1. Synchronization code blocks may have a smaller range of locks than synchronization methods, and generally the size and performance of locks are inversely proportional.
2. Synchronization blocks can more precisely control the scope of a lock (the scope of a lock is the time it is acquired and released), and the scope of a lock for a synchronization method is the entire method.

As you can see from the two methods above, ``Collections.synchronizedList(arrayList); the resulting synchronized collection looks more efficient, but this difference is not obvious on Vector and Array List because their add s methods have roughly the same internal implementation.Vectors cannot specify lock objects like SynchronizedList` in terms of construction parameters.
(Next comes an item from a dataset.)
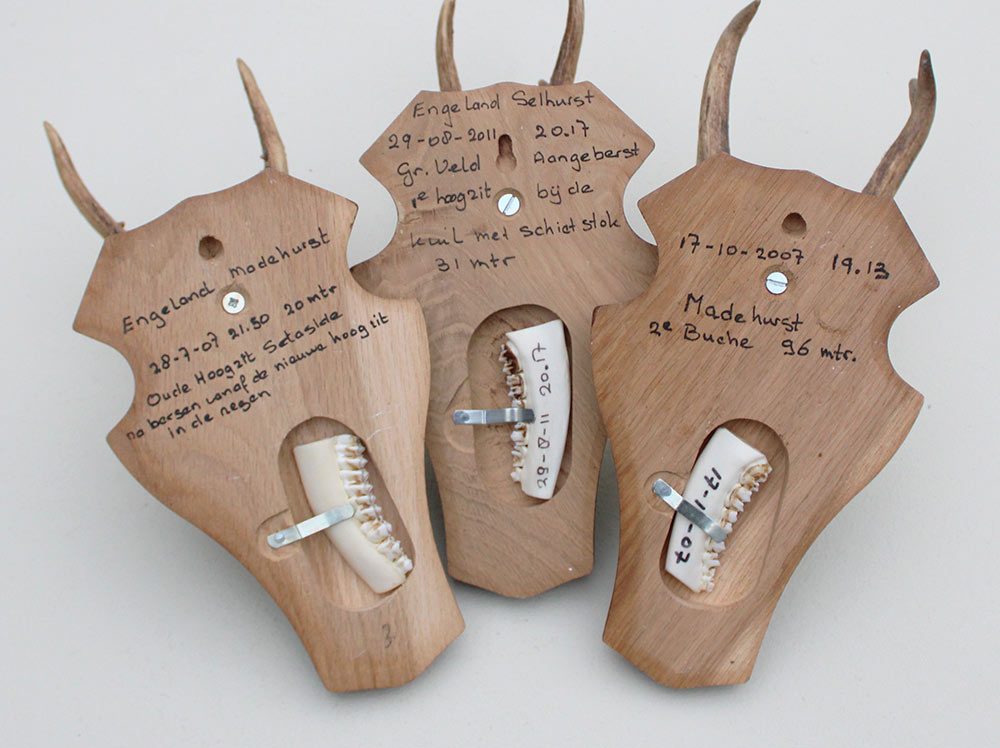 3 x Engels REE GEWEI op houten schild - met kaakdeeltjes
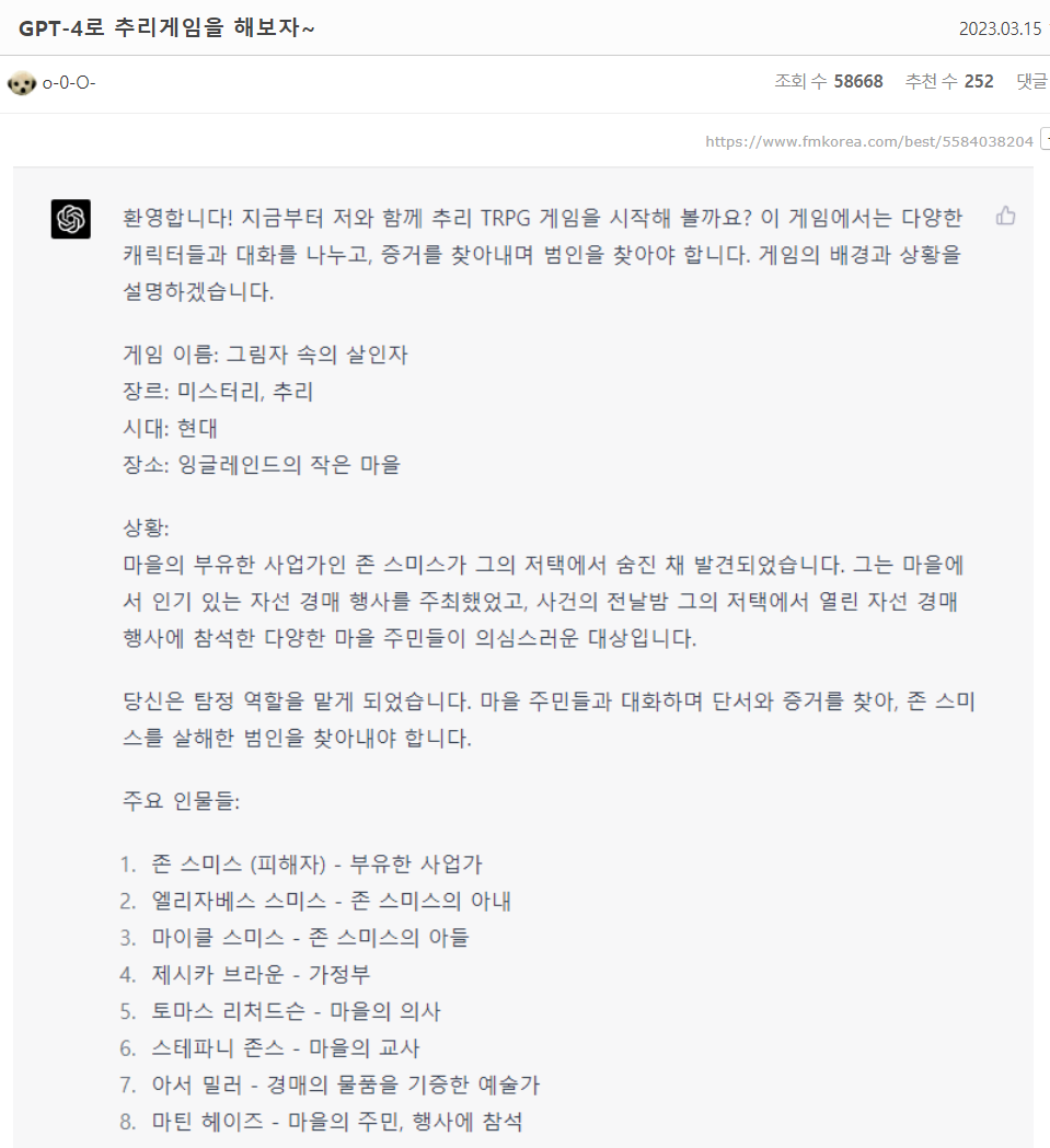 작년에 출시된 CHAT GPT의 기능을 사용해본 후 성능에 놀라 유료버전을 구독하고 있다.

We also see that the SynchronizedList does not lock the iterator, but looking at Vector's iterator method is really chained, so we need to do synchronization manually when using SynchronizedList's iterator:

  synchronized (list) {
    Iterator i = list.iterator(); // Must be in synchronized block
    while (i.hasNext())
        foo(i.next());
 }
//Copy Code

Here we can summarize three differences between SynchronizedList and Vector:

1. As a wrapper class, SynchronizedList has good extensibility and compatibility.All List subclasses can be converted to thread-safe classes.
2. Use SynchronizedList's Get Iterator to manually synchronize traversal without Vector.
3. SynchronizedList can specify the locked object by parameter, while Vector can only be the object itself.

summary

This article is a supplement to the List family, following the source analysis of ArrayList and LinkedList.We analyzed

1. The difference between Vector and Array List.
2. The difference between ArrayList and LinkedList leads to the definition of RandomAccess, which demonstrates that traversing LinkedList using a for loop is inefficient.
3. Stack inherits from Vector and is thread safe, but it's also older.An interview question implementing a simple Stack class is then analyzed.
4. Finally, we summarize three differences between SynchronizedList and Vector in terms of thread security.

These knowledge seem to be questions that interviewers like to ask, but also issues that are easy to ignore in normal work.Through this article, make a corresponding summary in case of a rainy day.